* **Work task**
All lines below between the line with "Примечание: вы можете" and the line with "Cove 康普茶包装设计,该", including both, must be copied exactly, and the pictures must be omitted.
+++ Given information
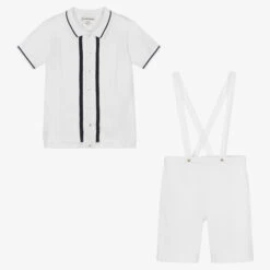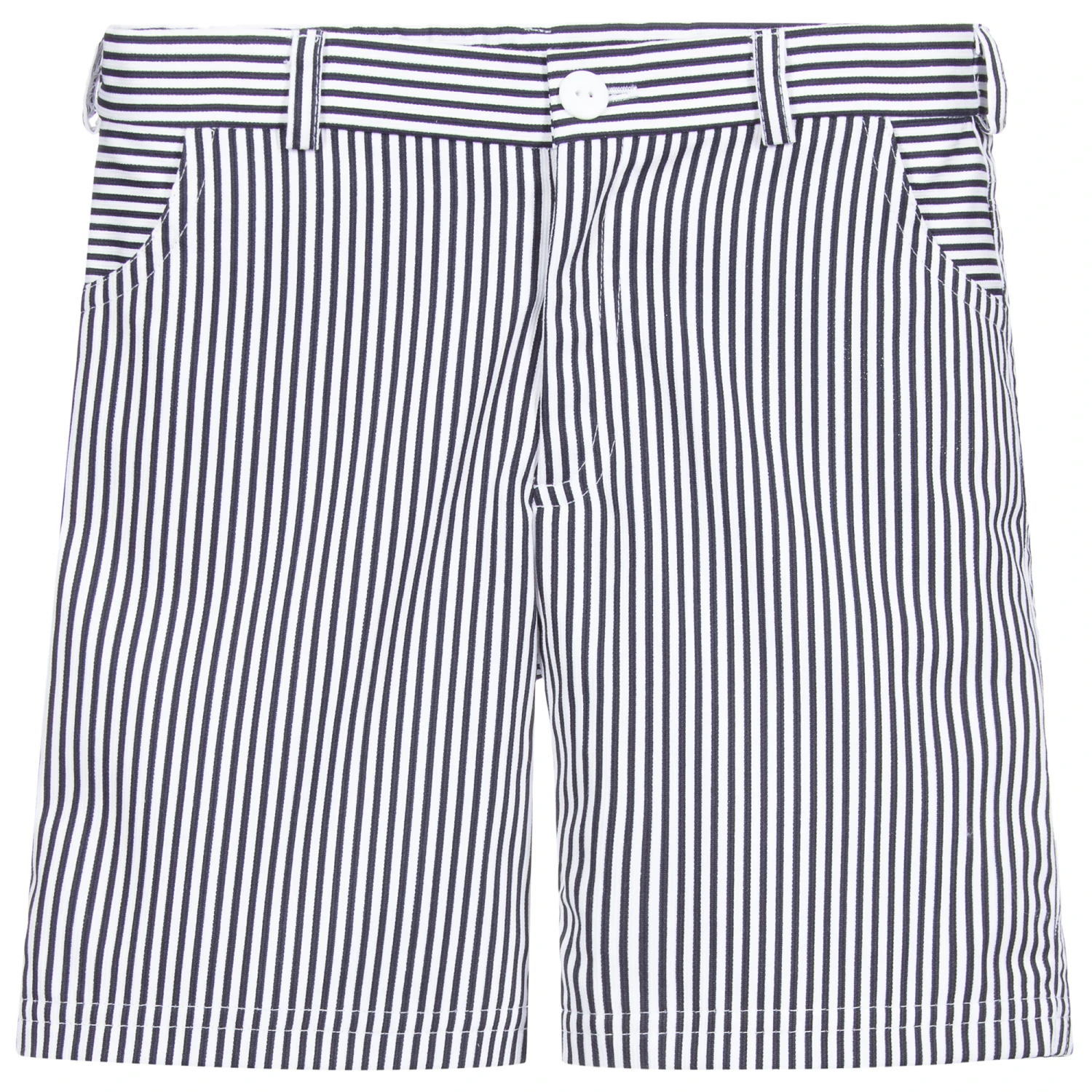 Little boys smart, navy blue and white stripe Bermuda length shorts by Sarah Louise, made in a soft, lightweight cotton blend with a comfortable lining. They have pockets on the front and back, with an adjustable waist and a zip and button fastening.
++++++
+++ Given information
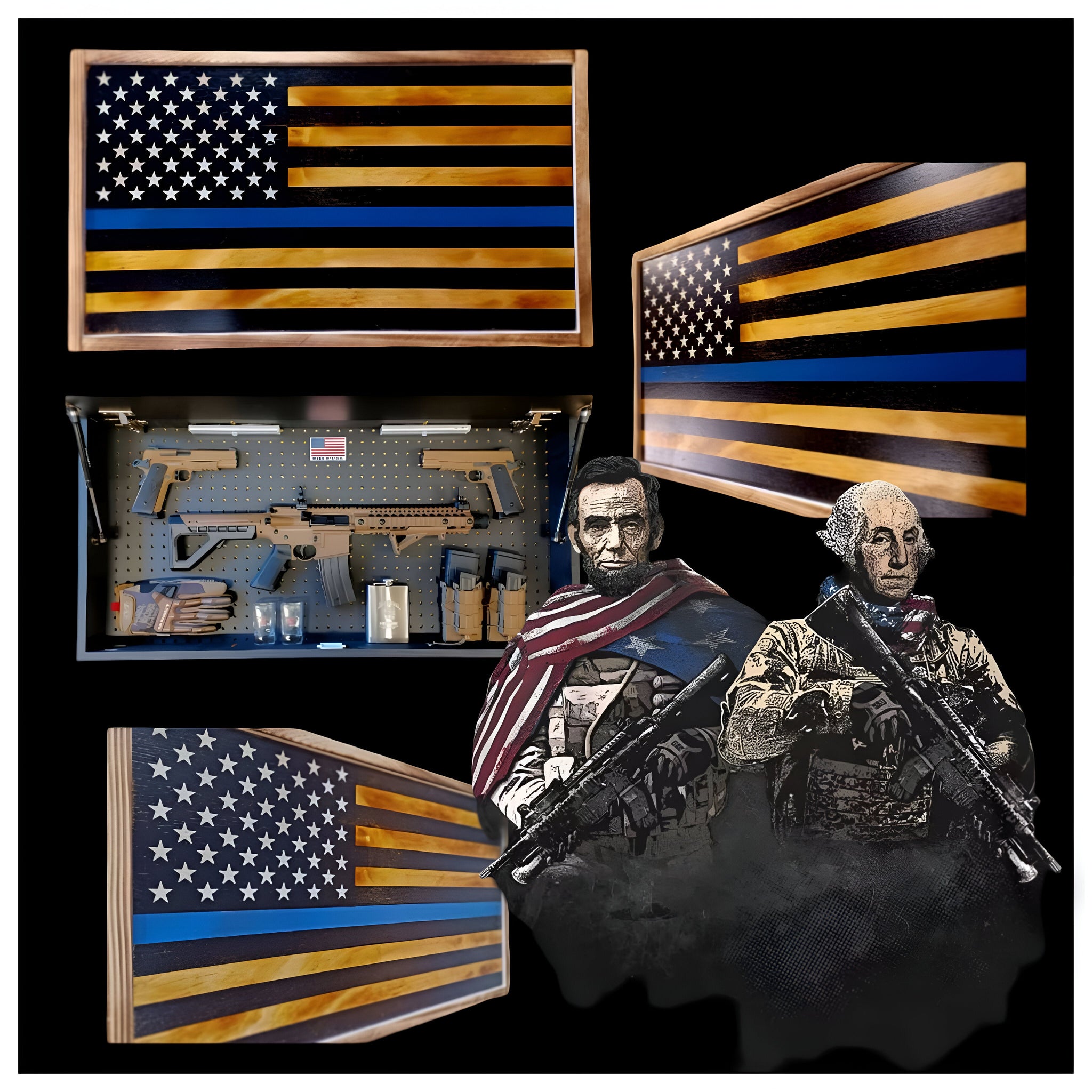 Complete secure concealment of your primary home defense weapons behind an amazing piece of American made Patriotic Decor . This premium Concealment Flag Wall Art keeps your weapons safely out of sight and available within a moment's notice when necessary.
++++++
+++ Given information
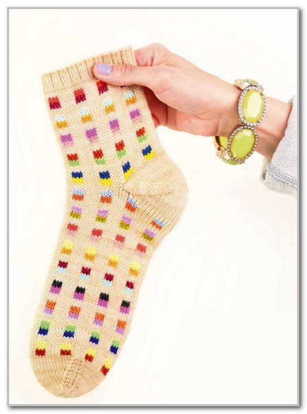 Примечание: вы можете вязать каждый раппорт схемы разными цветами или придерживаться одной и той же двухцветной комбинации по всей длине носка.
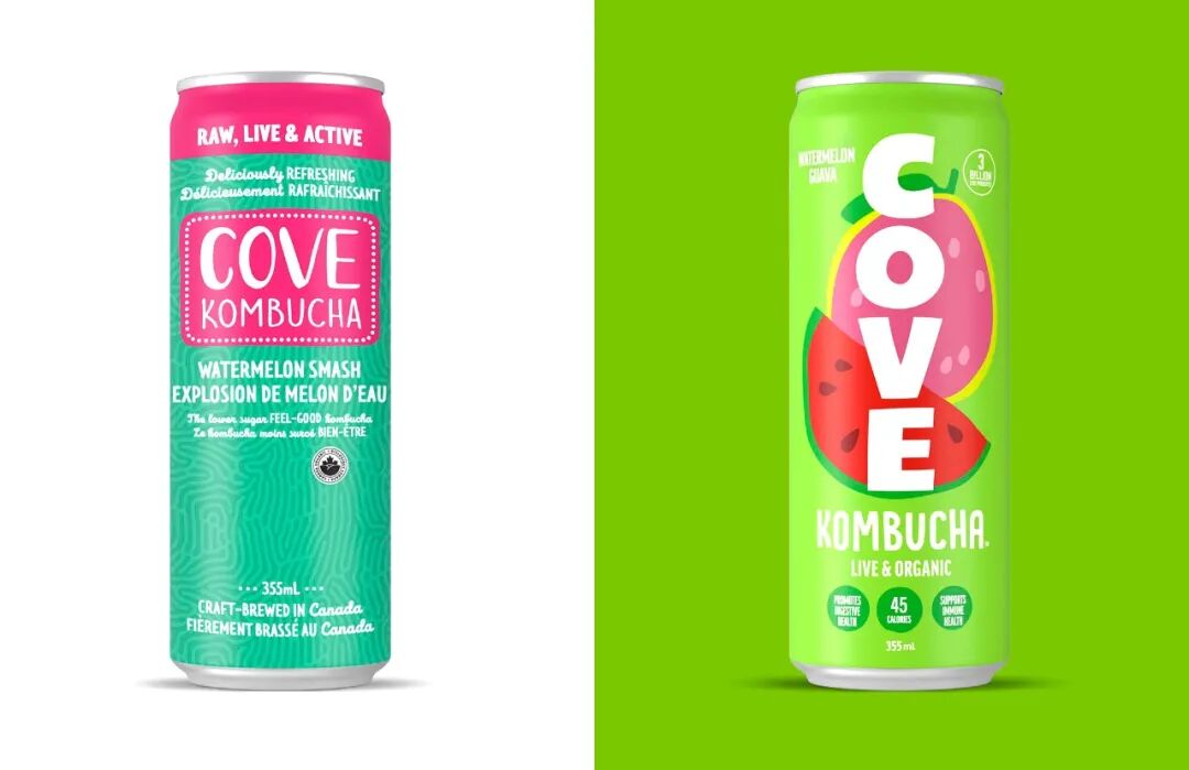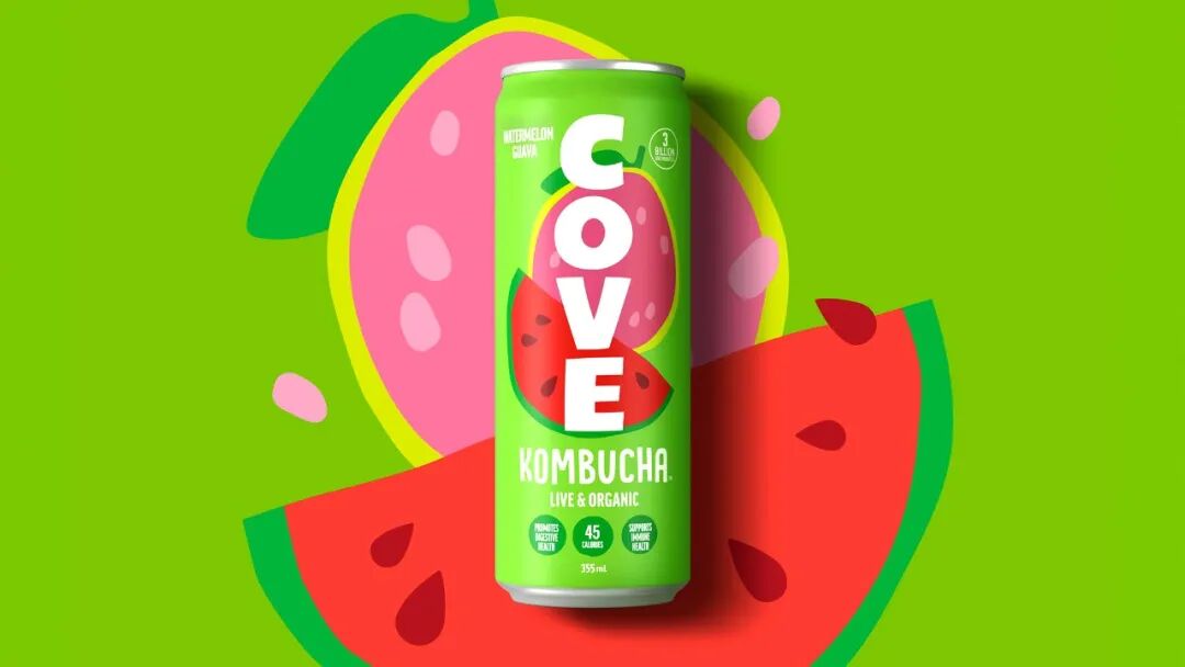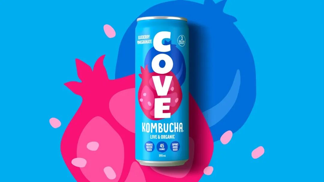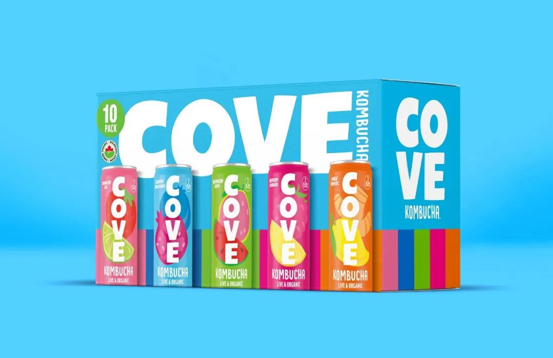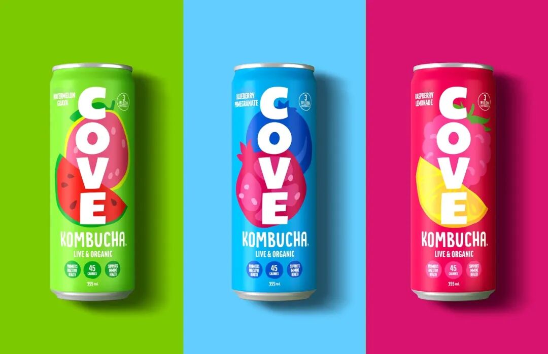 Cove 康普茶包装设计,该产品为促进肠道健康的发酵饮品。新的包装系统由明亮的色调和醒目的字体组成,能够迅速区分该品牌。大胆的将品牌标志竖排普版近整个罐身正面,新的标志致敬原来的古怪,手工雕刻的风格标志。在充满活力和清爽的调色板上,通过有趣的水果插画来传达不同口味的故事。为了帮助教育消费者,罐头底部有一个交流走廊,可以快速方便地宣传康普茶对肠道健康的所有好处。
++++++
* **Written solution**
 Примечание: вы можете вязать каждый раппорт схемы разными цветами или придерживаться одной и той же двухцветной комбинации по всей длине носка.
 Cove 康普茶包装设计,该产品为促进肠道健康的发酵饮品。新的包装系统由明亮的色调和醒目的字体组成,能够迅速区分该品牌。大胆的将品牌标志竖排普版近整个罐身正面,新的标志致敬原来的古怪,手工雕刻的风格标志。在充满活力和清爽的调色板上,通过有趣的水果插画来传达不同口味的故事。为了帮助教育消费者,罐头底部有一个交流走廊,可以快速方便地宣传康普茶对肠道健康的所有好处。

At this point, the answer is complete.